Hi ya'll I know I haven't wrote much, but this is my first msgs from my BB Curve! I can write a lot more on my phone now, meaning I don't have to wait till I come home to write my thoughts, which I probably forget! Lol.

Anyway see you often, see you soon!
Sent via BlackBerry from T-Mobile

Thursday, July 17, 2008

IDK

i'm so damn lost you...you know the type of lost where don't recognize nothing around you including yourself? and its dark...so,so dark here. whatever this place is it host is loneliness himself.

I lost my job,my drive and passion...i lost my job the same week me and my wifey had our first fight and the same week i got another eviction notice.

and the sad part about this i saw it all coming...to the detail and yet i'm still very much confused. my life has turned in to a tragic accident that you watch almost in slow motion on the side of the road. how did i get so deep and lost in this place?

i don't know ya'll this is a tuff one....

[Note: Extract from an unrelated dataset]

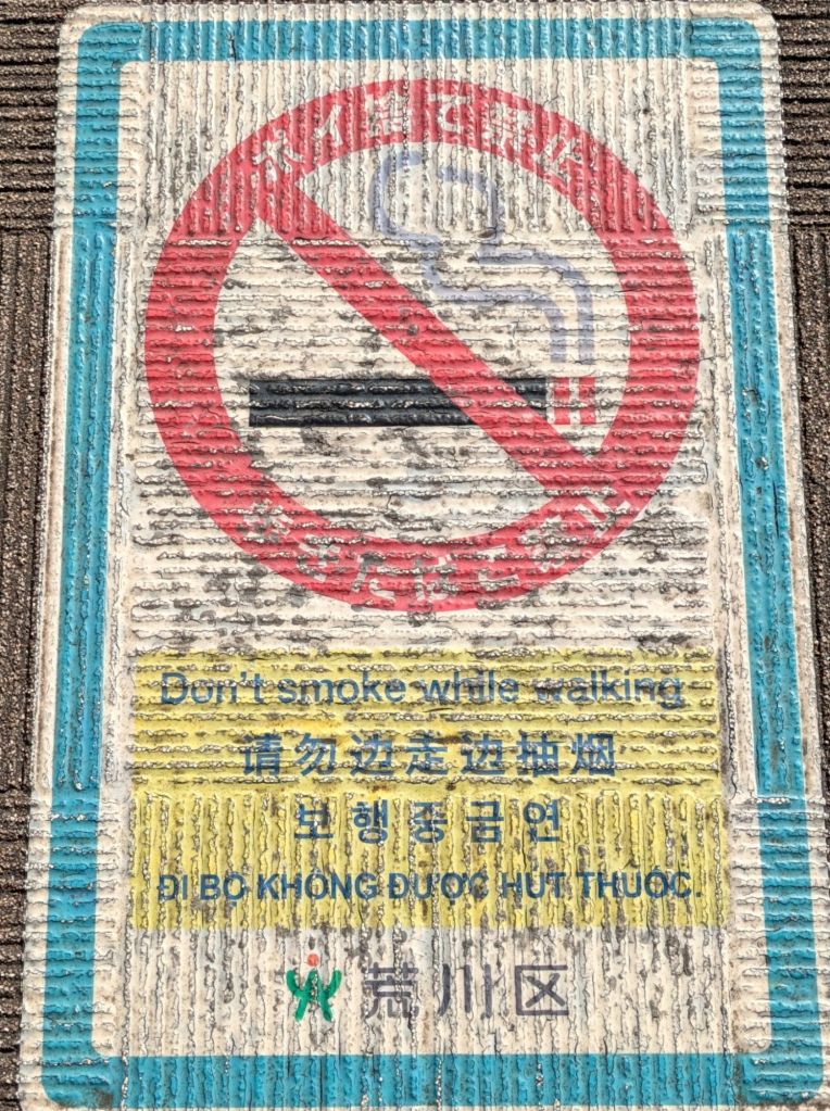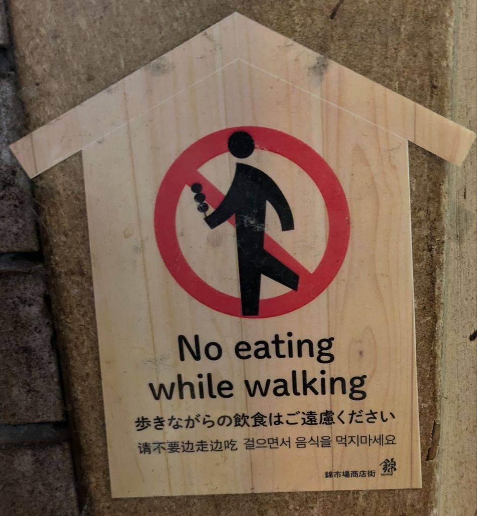 Which leads me to the next surprise — the lack of public trash and recycling receptacles. In Tokyo in particular, there are extremely few trash or recycling cans for public use, but you notice this lack in Kyoto and Osaka too. It’s intentional, and it’s why you will notice that everyone carries some sort of bag with them, like a backpack, so that they can carry home any trash they’ve accumulated during the day, including the reams of receipts that shops love to give out. And in that bag you can also carry your towel for wiping your wet hands after a restroom trip. Interestingly, another surprise was that every restaurant provides a plastic-packaged moist towelette before the meal for wiping hands (but no, not the face!). But just be sure not to take a step while enjoying your meal…

you know i haven't cried yet? weird i know but not one tear...i almost wish i would cry to let it all wash away...instead its the extreme weight that is sitting on my heart...no deeper than that my soul.

i don't know...that is all i keep telling myself , i don't know *DEEP SIGH*


oh my blackberry curve is here...a 250.00 phone with a 20.00 package X 2, b/c Alud got one two...no job, eviction notice and 540.00 phones...wow

Friday, July 11, 2008

I Think I Can...I Think I Can, CHOO CHOO!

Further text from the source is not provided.